Go to the line holding "Härlig dag med" in the data below and repeat it exactly, then each line after it up to and including the one holding "Ett charmigt dekorationshus". Omit pictures.

▸ Data provided:
------------

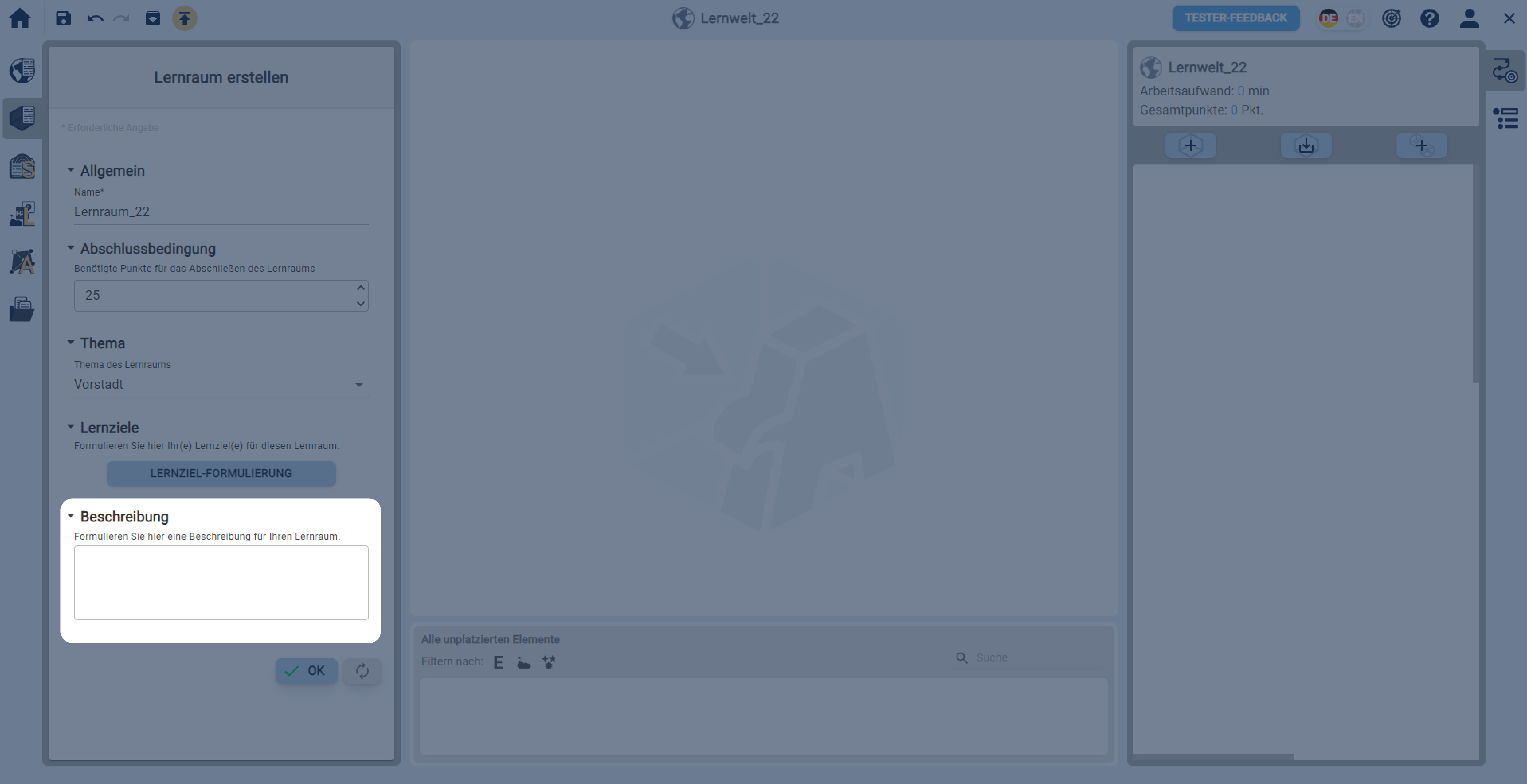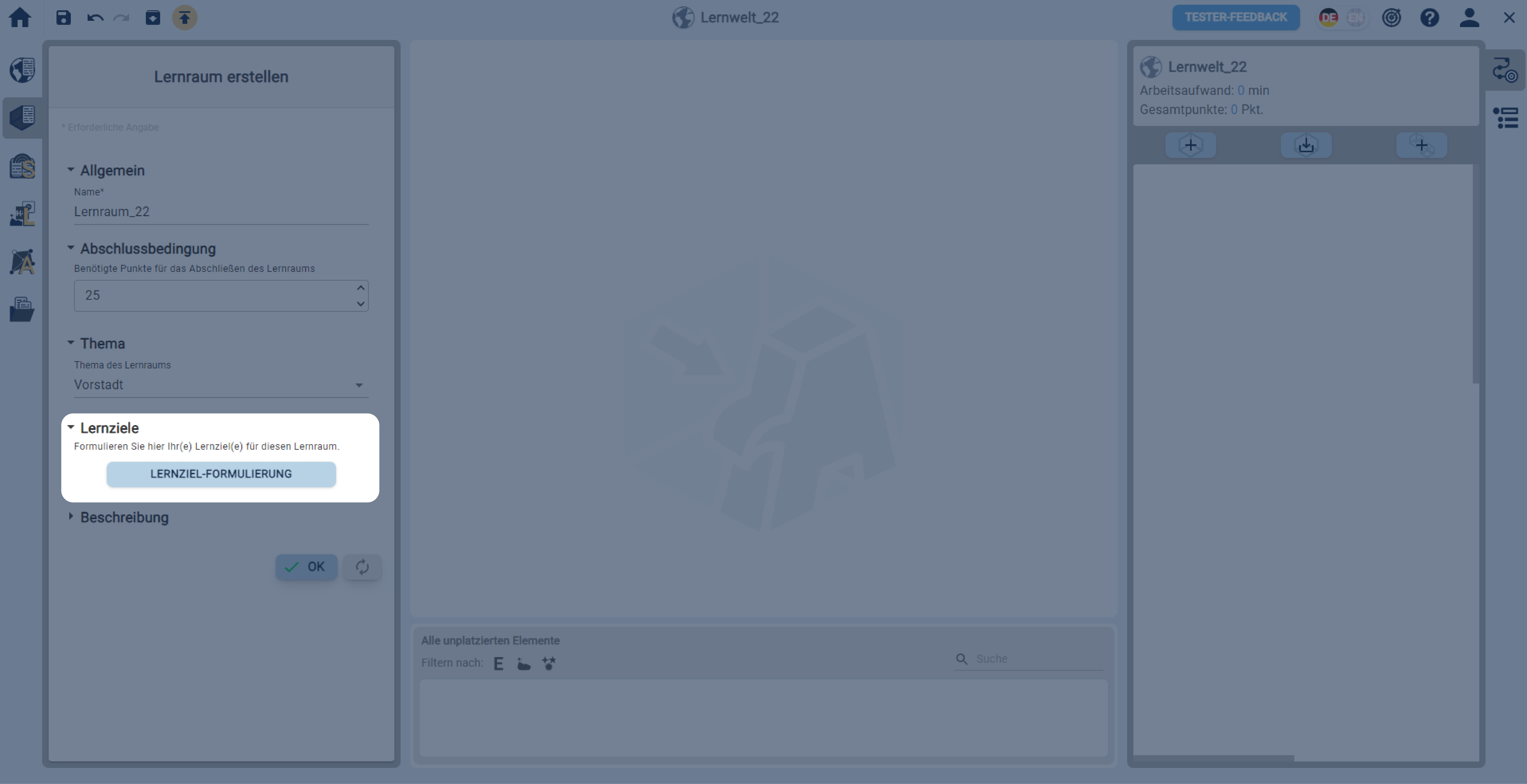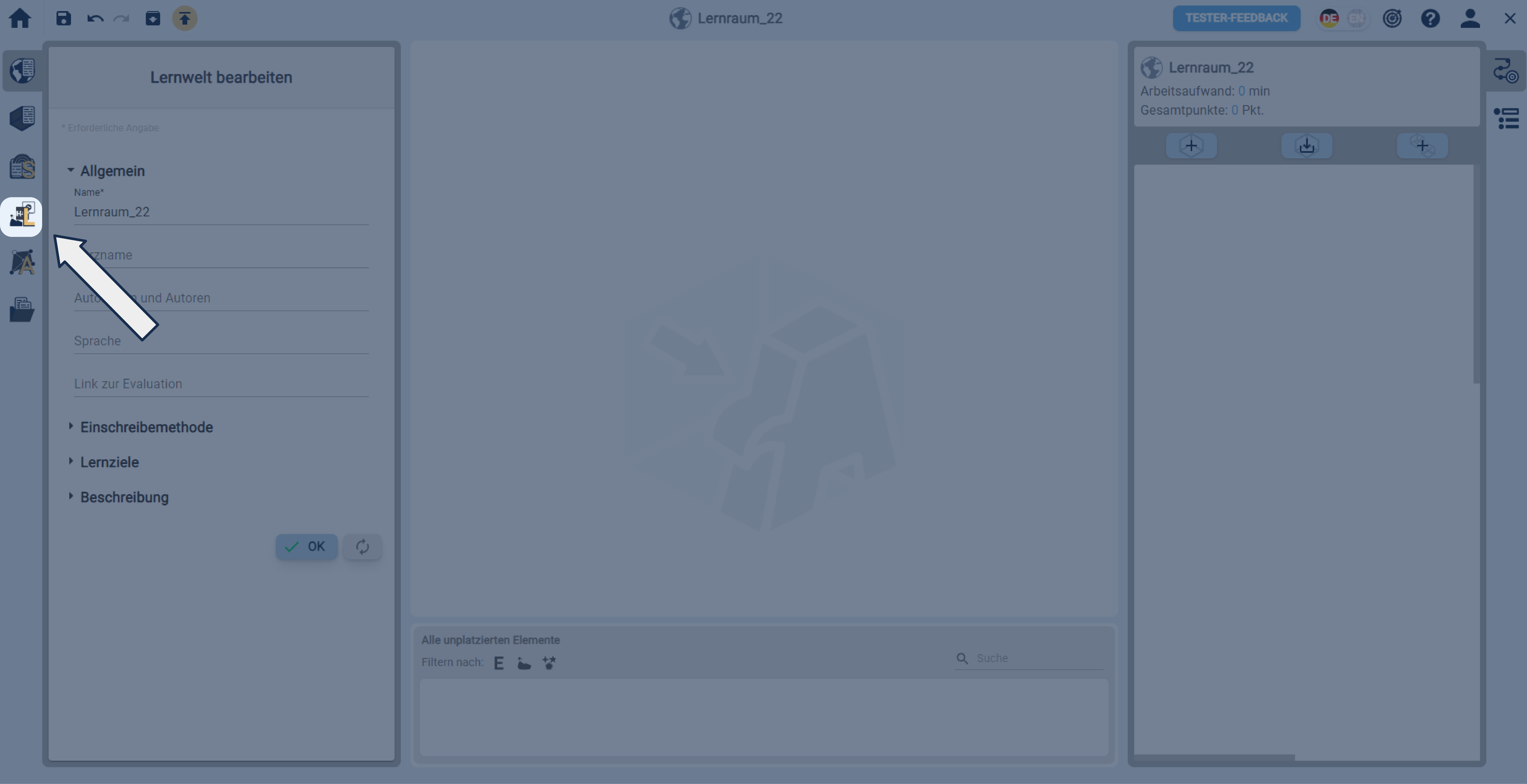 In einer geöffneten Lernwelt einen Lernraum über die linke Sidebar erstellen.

------------

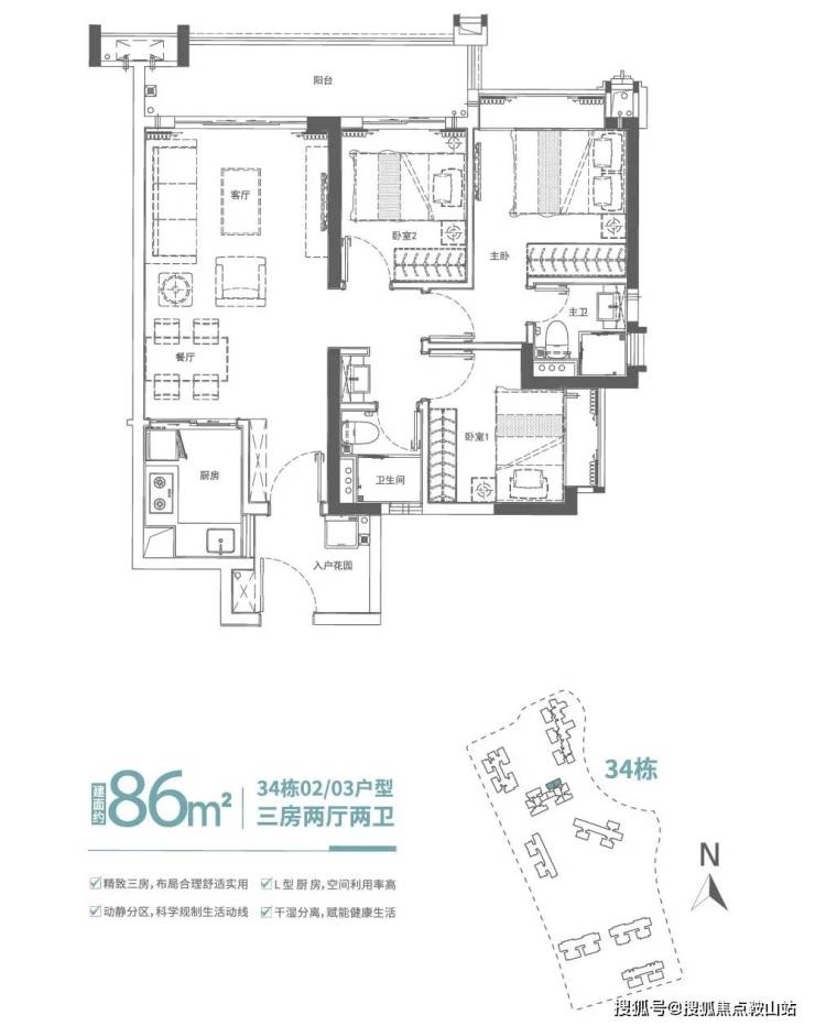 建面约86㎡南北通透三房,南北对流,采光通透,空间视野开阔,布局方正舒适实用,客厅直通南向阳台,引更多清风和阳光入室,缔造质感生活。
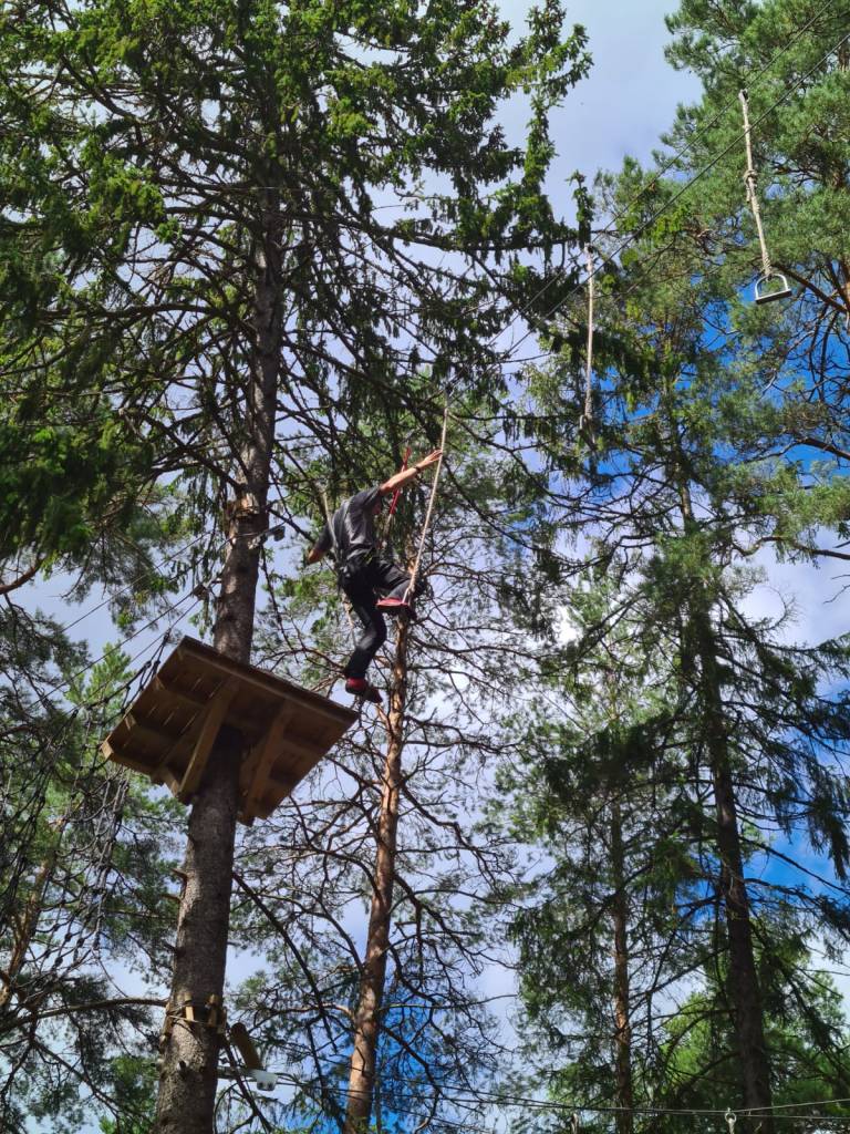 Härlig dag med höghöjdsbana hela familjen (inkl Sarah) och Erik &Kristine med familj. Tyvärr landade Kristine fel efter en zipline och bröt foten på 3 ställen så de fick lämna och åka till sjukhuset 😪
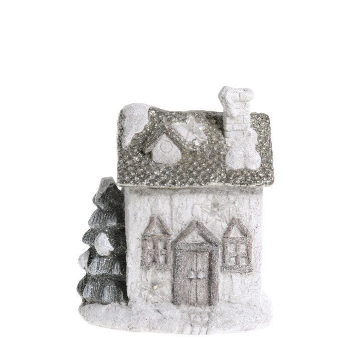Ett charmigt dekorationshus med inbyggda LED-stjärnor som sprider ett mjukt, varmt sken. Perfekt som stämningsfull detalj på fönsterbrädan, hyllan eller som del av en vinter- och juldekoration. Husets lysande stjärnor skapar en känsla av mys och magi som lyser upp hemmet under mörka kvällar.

------------

▸ Reply:
 Härlig dag med höghöjdsbana hela familjen (inkl Sarah) och Erik &Kristine med familj. Tyvärr landade Kristine fel efter en zipline och bröt foten på 3 ställen så de fick lämna och åka till sjukhuset 😪
Ett charmigt dekorationshus med inbyggda LED-stjärnor som sprider ett mjukt, varmt sken. Perfekt som stämningsfull detalj på fönsterbrädan, hyllan eller som del av en vinter- och juldekoration. Husets lysande stjärnor skapar en känsla av mys och magi som lyser upp hemmet under mörka kvällar.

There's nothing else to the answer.